Researcher: Empowering Civil Society is Right Approach to Disaster Recovery

By Matthew Harwood

Smith believes the dramatic differences in recovery times have to do with the amount of government involvement in the recovery planning process (which he measured by the page length of recovery plans and the percentage of community business people represented on each city’s advisory committee).

In Tuscaloosa, Smith obtained one long-term recovery plan that was 170 pages long, full of detailed requirements in an attempt comprehensively plan the rebuilding of Tuscaloosa.  In Joplin, however, it was 26 pages long (attached below) and full of recommendations.
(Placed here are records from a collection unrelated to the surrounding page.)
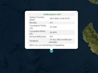 Σεισμός στη Ζάκυνθο καταγράφηκε στις 12:39 το μεσημέρι της Πέμπτης. Σύμφωνα με αναθεώρηση από το σύστημα ενημερώσεων του Γεωδυναμικού Ινστιτούτου η ένταση του σεισμού είναι 4,4 Ρίχτερ.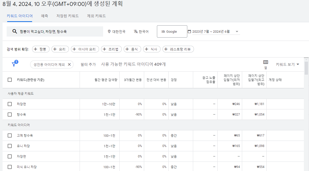 구글 애드워즈 키워드플래너 사용해서 애즈 광고 시작하기 – 2024년8월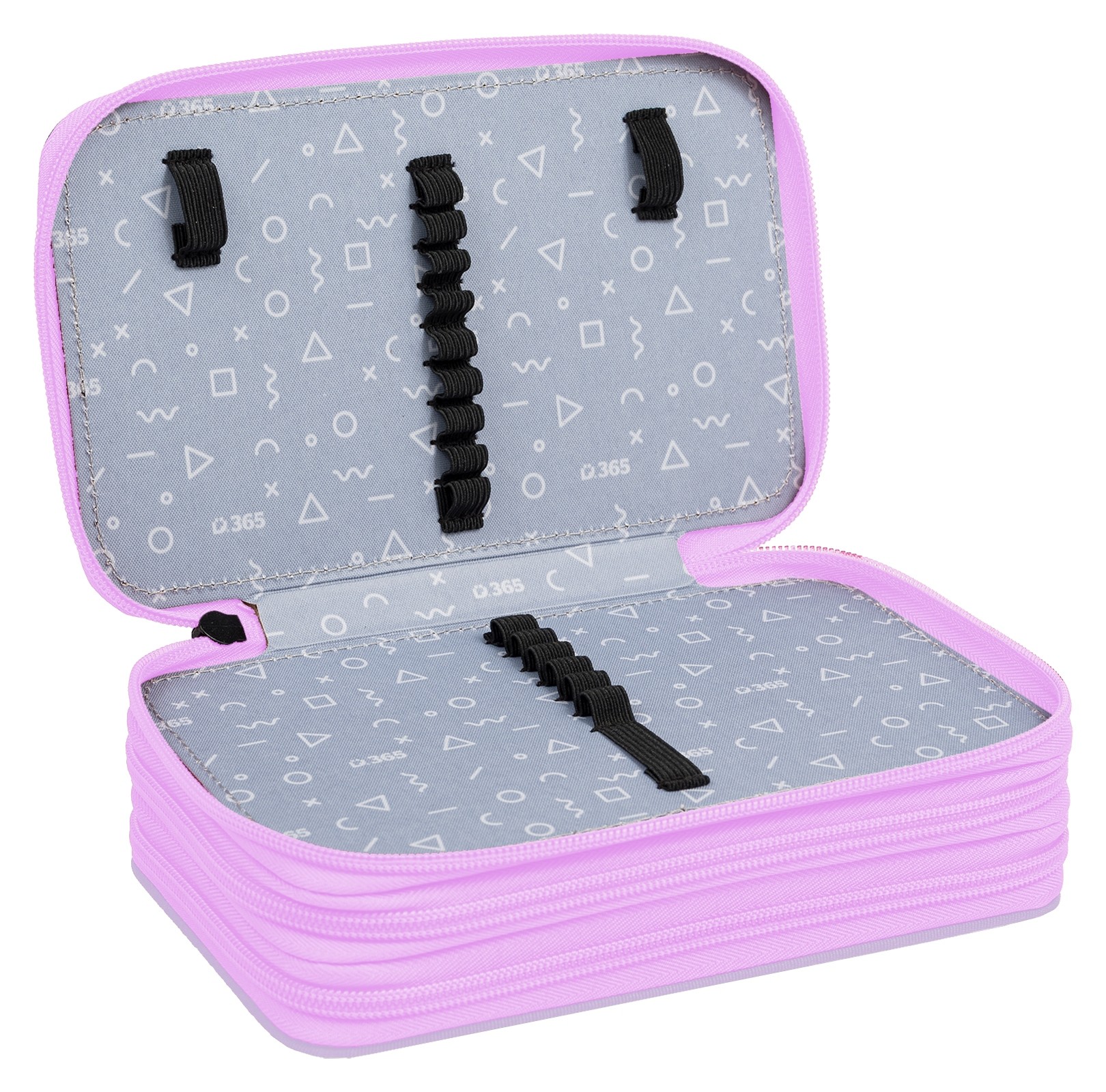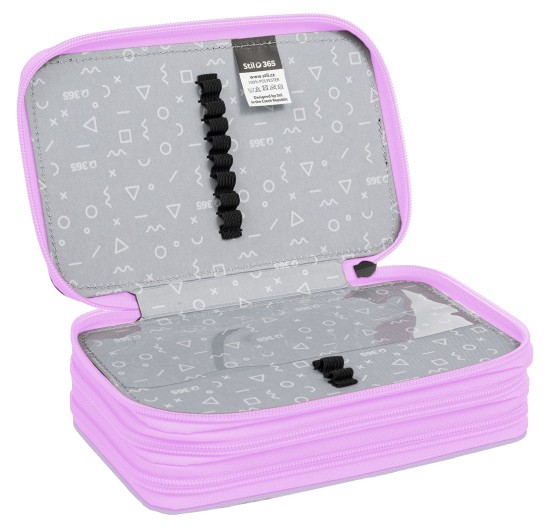 Ve druhém patře je umístěna průhledná kapsička na rozvrh a 10 pevných gumiček na psací potřeby různých velikostí.

In Tuscaloosa, Smith found, only 24 percent of the advisory committee was composed of businesspeople while in Joplin, three-fourths of the advisory committee was made up of businesspeople.

Tuscaloosa, according to Smith, has used the disaster to improve the city in ways that overwhelmingly have nothing to do with mitigating future risks presented by natural disasters.
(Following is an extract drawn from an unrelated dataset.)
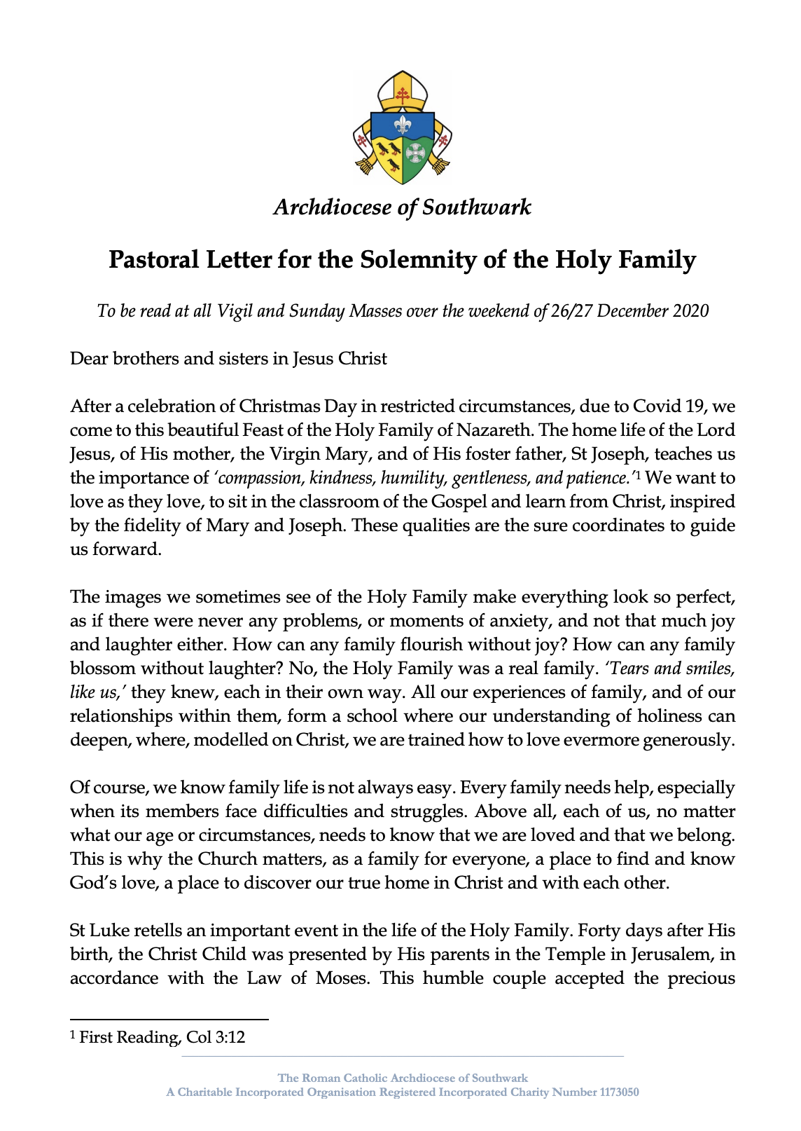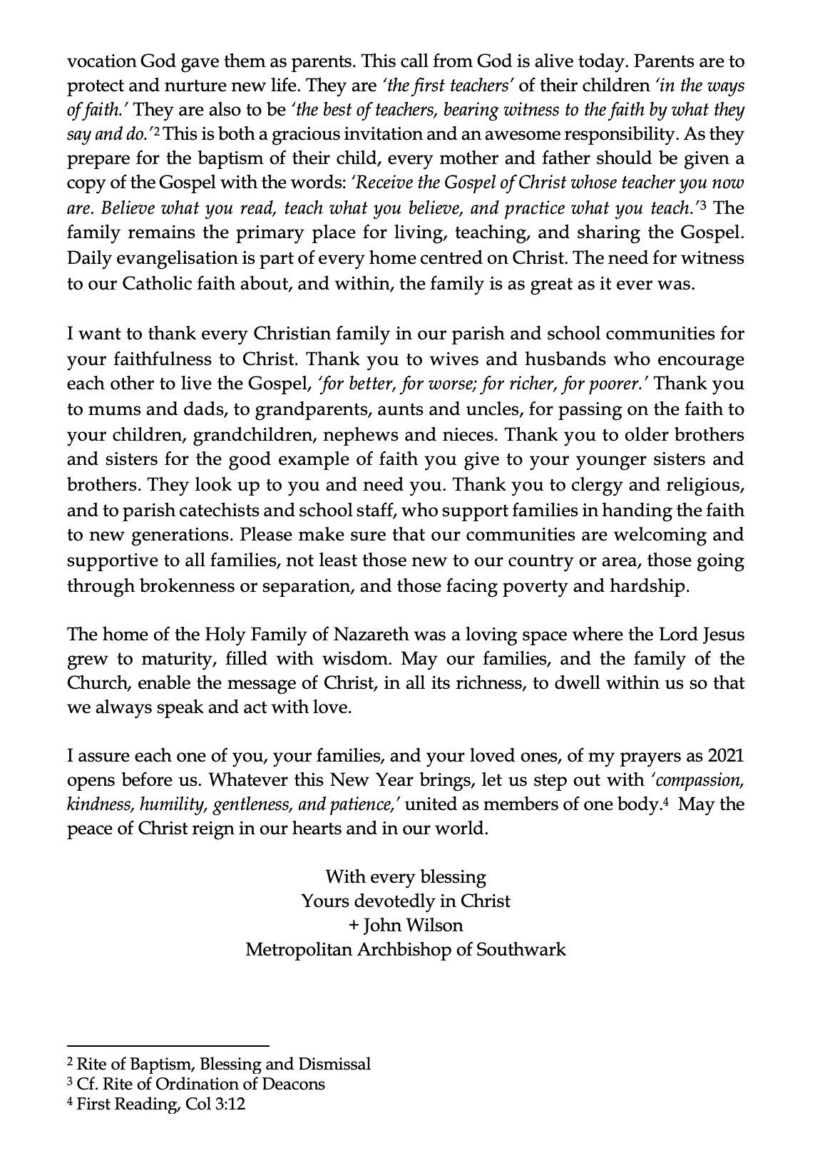 Finally, Archbishop John reminds us: “the Church regards each day in the Octave of Christmas – the 8 days from 25th December until the 1st January, as if it were ‘Christmas Day’. So, if you haven’t been able to attend mass on Christmas Eve or Christmas Day this year, why not go to mass on any of these 8 days with the same sense of joy and solemnity.”

Tuscaloosa Mayor Walter Maddox criticized the research  in an April op-ed . Smith says he stands by his research and that his interviews with business owners contradict Maddox’s claims that Tuscaloosa’s recovery has been fast, effective, and democratic.
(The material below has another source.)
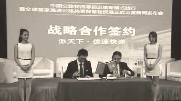 随后,派天下与优速快递、锦绣大地以及一汽解放分别进行了战略合作签约仪式,派天下高速公路共享智慧物流港项目收到社会多方认可。

Joseph Myers, former president of the National Emergency Managers Association, criticized the op-ed saying calling the practice of waiving building codes in Joplin to expedite development a classic case of "being penny wise and pound foolish.”

Smith, however, believes quick recovery translates into a return to normalcy that people crave in the aftermath of a severe trauma. “It’s important to get businesses back, to reestablish houses,” he said. “If people don’t see that, they will stay away and they’ll never return.”

Smith says the government's role in the recovery process is "maintaining the rule of law, protecting property rights, and ensuring free trade."

“These functions become even more important when a disaster strikes,” he says.

Arguments like his, however, have become even more controversial in the wake of Hurricane Sandy that struck the Northeast nearly two weeks ago.

“Nature’s fury can be compounded by man’s folly,” said Smith. “By micromanaging every step of the recovery process, you can actually hamper a community’s natural resiliency that emerges after a natural disaster.”